I have come across work of P.J. Yoder (1980) (A strain-space plasticity theory and numerical implementation). He made a strain-space equivalent to pure plastic Coulomb model. His model has the following benefits (according to Yoder P.J.):

  • Return mapping is eliminated (A very provoking statement, but he shows the maths behind it as well as detailed comparison of simulation results).
  • Global stiffness matrix inversion count is reduced (significant step forward, for dynamic / cyclic loading application)
  • Despite dramatic increse in computation efficiency, Yoder's work did not go mainstream. (perhaps you can you spot why?)
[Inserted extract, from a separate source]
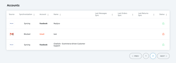 A list will display the Source, Synchronization Status, Account, Name, Date for Last Messages Synced, and Last Orders Synced.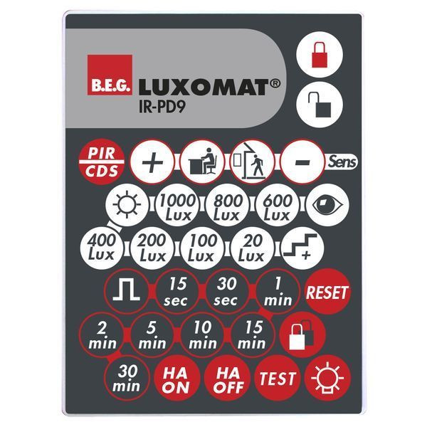 Infrarot-Fernbedienung zum komfortablen Einstellen oder Ändern der Parameter, Inklusive Wandhalterung, Einfache Programmierung der Präsenzmelder PD9-M-1C-SDB-IP65, Die Verwendbarkeit/Kompatibilität des Zubehörs bitte aus den Beschreibungen der Hauptartikel entnehmen

    I am intrigued by his work as during recent triaxial testing we were able to control sand stiffness through controlling applied strain (deformation) history. Yoder P.J. has explicitly called for a "rationale to the strain space problem", and we appear to have found the missing experimental "rationale" .

    We found strain (not stress) dependant soil patterns, which capture and allow full control over loss and recovery of drained sand stiffness. Also, post-liquefaction soil stiffness recovery, and we can impose post-liquefaction soil state during drained loading. We seem to be closing the gap between drained, undrained and partially drained sand, but the new findings explicitly call for a strain-space plasticity formulation.

    Any input is greatly appreciated. Any links to strain-space models or strain-dependant observations of sand (such as liquefaction charts by R. Dobry, or plastic spin (strain) tenstor by Y. Dafalias). This topic is not covered by "mainstream" geotechnical curriculum, thus I don't expect many answers. But every answer and question on the rare subject is appreciated.